Mental health is the number one challenge facing this country. When one considers the rates of suicide and depression, we have to put it out there and start talking about it. To be fair, the Minister of State, Deputy Kathleen Lynch, has done a good job ring fencing money and positions. Again, however, the issue of joined-up thinking reappears in that the senior Minister does not get it. Some 400 extra positions have been ring-fenced for mental health teams throughout the country, which is great and something we all welcome, but how many people are retiring or announced yesterday their plans to retire by the end of February from mental health services?

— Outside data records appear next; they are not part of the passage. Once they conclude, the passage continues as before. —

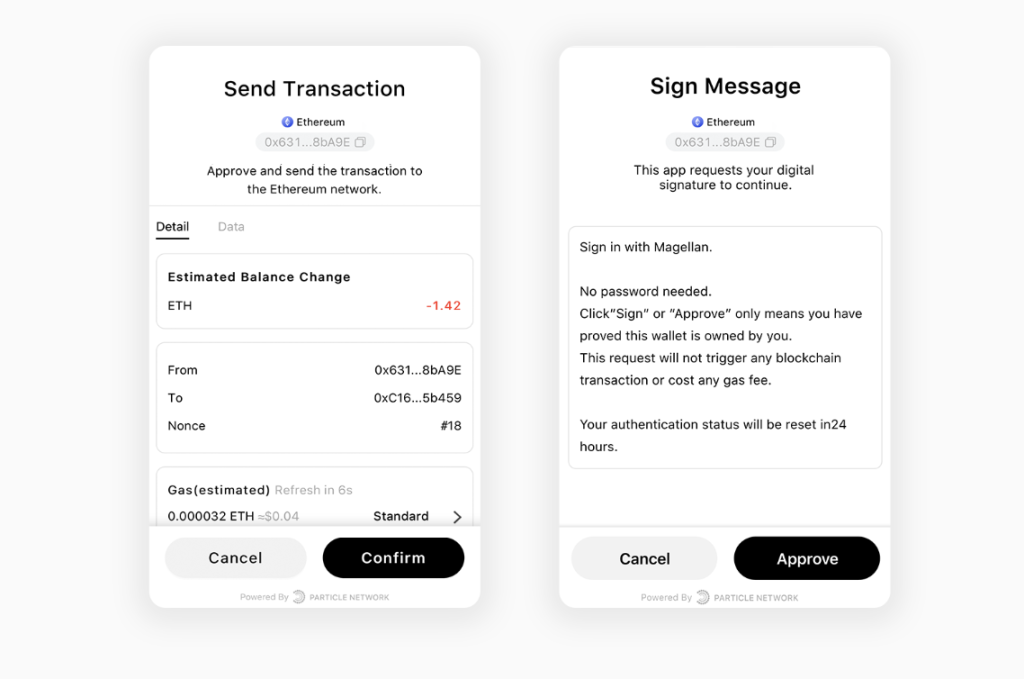 完整的 UI 界面:Particle Wallet 针对不同的应用风格和场景提供了多种高度适配的 UI 界面。
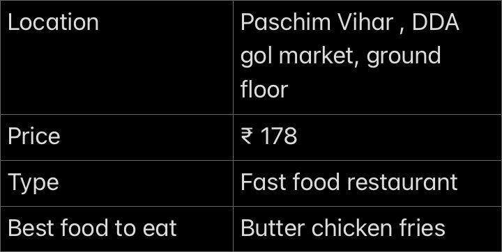 From pizzas, burgers, shakes you’ll find everything here. Best known for it’s Butter chicken fries , served with hot fries dipped in butter chicken gravy, loaded with chunks of chicken. This place is located in paschim vihar, these delicious fries are worth a visit.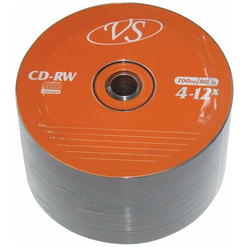 Диски CD-RW VS 700 Mb 4-12x Bulk (термоусадка без шпиля), комплект 50 шт, VSCDRWB5001 В наборе: 1компл.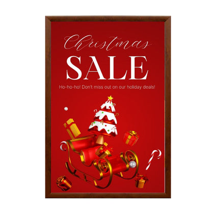 Cost effective, wall mount wood snap frames for small and large signage projects are accentuated with a simulated wood wrap finish and are the ideal choice for many quick change display applications that require an interior touch with a wood finish.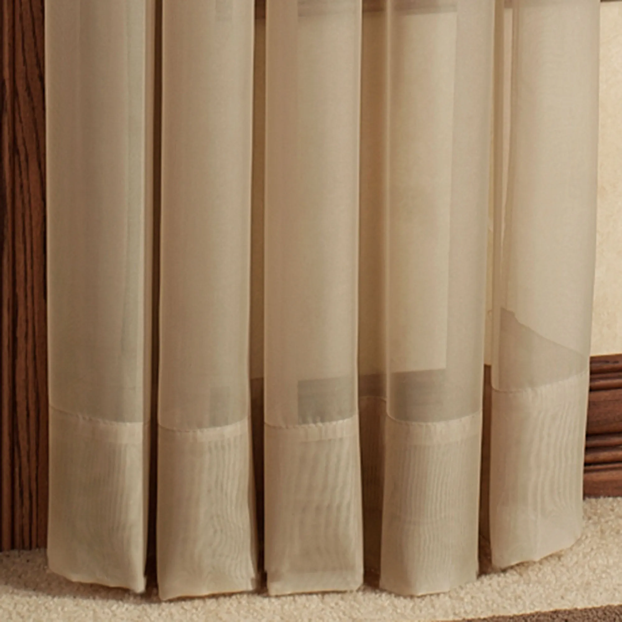 The Elegance Sheer Window Treatment is polyester voile. Imported.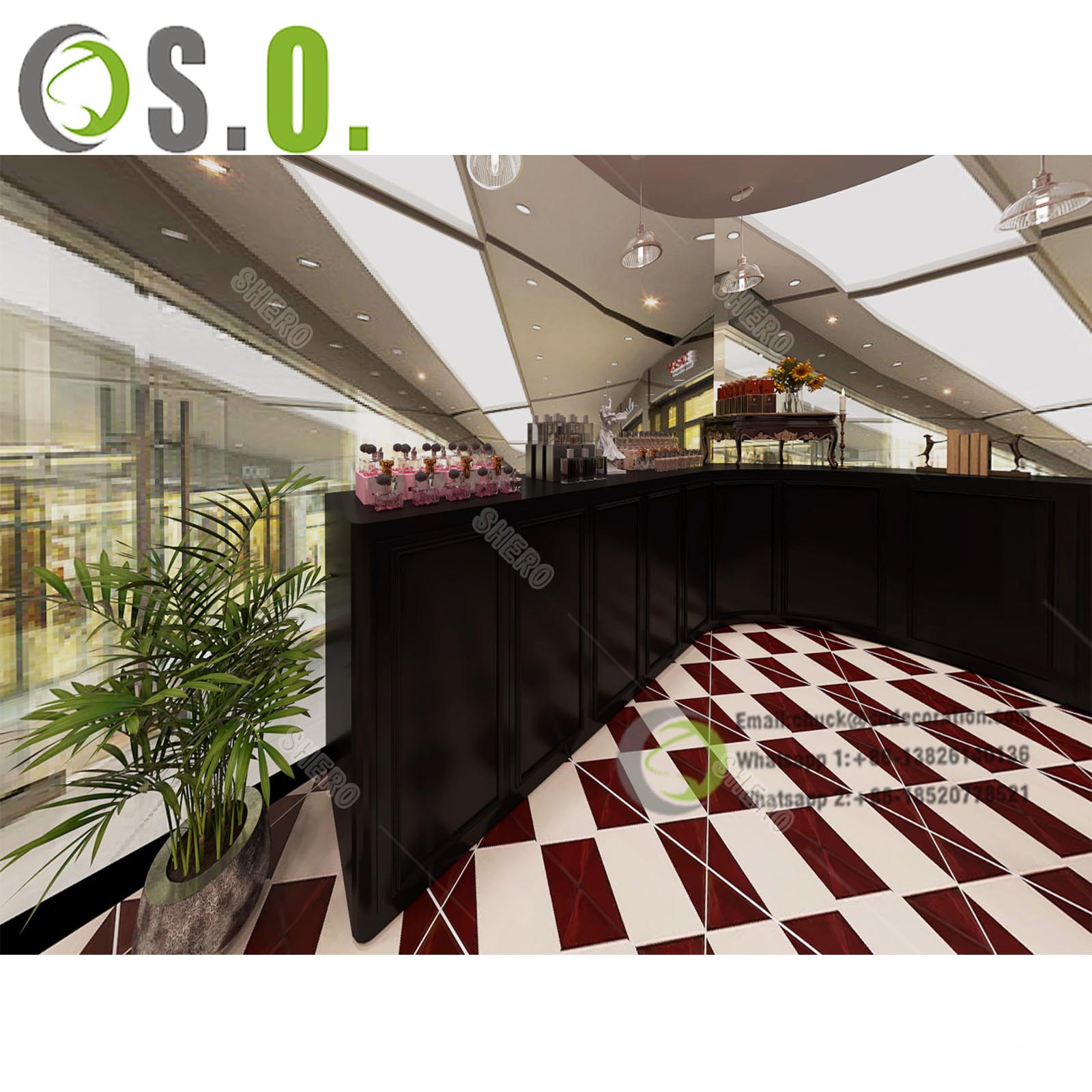 Shero is a leading perfume furniture supplier. We customize design and build perfume shops with modern high-grade retail fixtures. Golden stainless steel, ultra clear tempered glass&bullet-proof safety glass, Ultra-bright Led Lights, E0 plywood, German famous brand lock&accessories, all those best materials are combined to create a unique charming retail space: A space that integrates both display function and aesthetic beauty. If you want to start perfume shop design and and wanna customized display cabinets, Feel Free To Contact Our Team!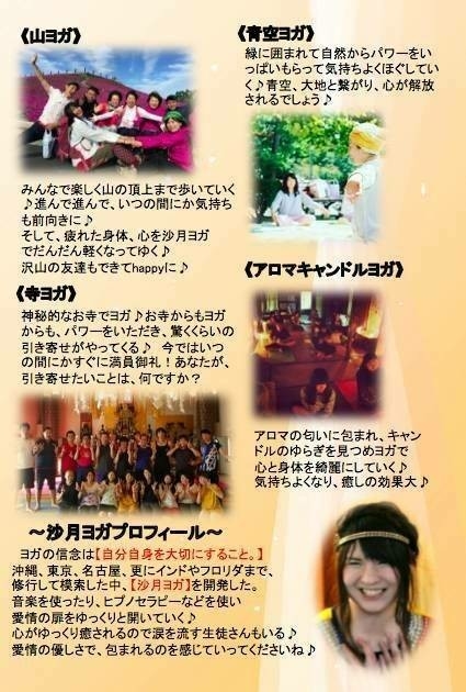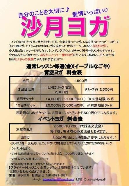 名古屋のハッピーヨガをフリーランスで教えている沙月です。 平日は通常レッスン、土日は寺ヨガ、山ヨガ、青空ヨガ、コラボ等のイベントをしています。 私は、沖縄、東京、生駒で200時間ヨガ修行して、更にインドやフロリダでもヨガトレーニングを積み重ねてきました。 昨年、10月には《名古屋第一人者》クンダリーニヨガ講師資格取得しました。 クンダリーニヨガとは とってもシンプルでパワフル♪ 老若男女誰でもでき、伝統的なヨガでもあります。 アーサナ以外にも呼吸法、そしてマントラなど色々な部分から身体、心を浄化させ現代生活での忙し

We were able to run to get Mr. Paul Appleby sorted out and put a package in place for him to wait on to finish his work. Surely, the 400 positions could be brought forward to make sure there are no gaps in our mental health services when that investment is going to be made later in the year in any case. It would be a shame to think the investment and the genuine commitment on the part of the Minister of State, Deputy Kathleen Lynch, would be undermined by someone failing to knock heads together in regard to sequencing retirements and appointments across the service.

The Minister, Deputy Reilly, when he was on this side of the House, was a great man for throwing every kind of abuse, indeed, much personal abuse, at the former Minister, Ms Harney. I do not see that much has changed since he came into office except that he is not as voluble as he used to be. I genuinely wish him well. Never mind the political issue, health is an issue that affects us all. However, mighty mouse, as he was when he was on this side of the House, is kind of quiet now as he deals with the realities of being Minister and having to deal with the issues.

I am willing to give him a chance in regard to this plan. I emphasise that it is his plan. I love the reference to the "HSE health service plan". The HSE is in the control of the Minister now. It is his body, his creation and he intends during 2012 to dismantle it and put up a James Reilly version. I will give him a chance on this but next year he had better deliver on the targets. We must see reform that involves better services and better access for people. We would then see the colour of his money before he starts to bring in his new, Dutch, one-size-fits-all system that has been promised to all as the nirvana of health care. However, the more one looks into it the less realistic it is.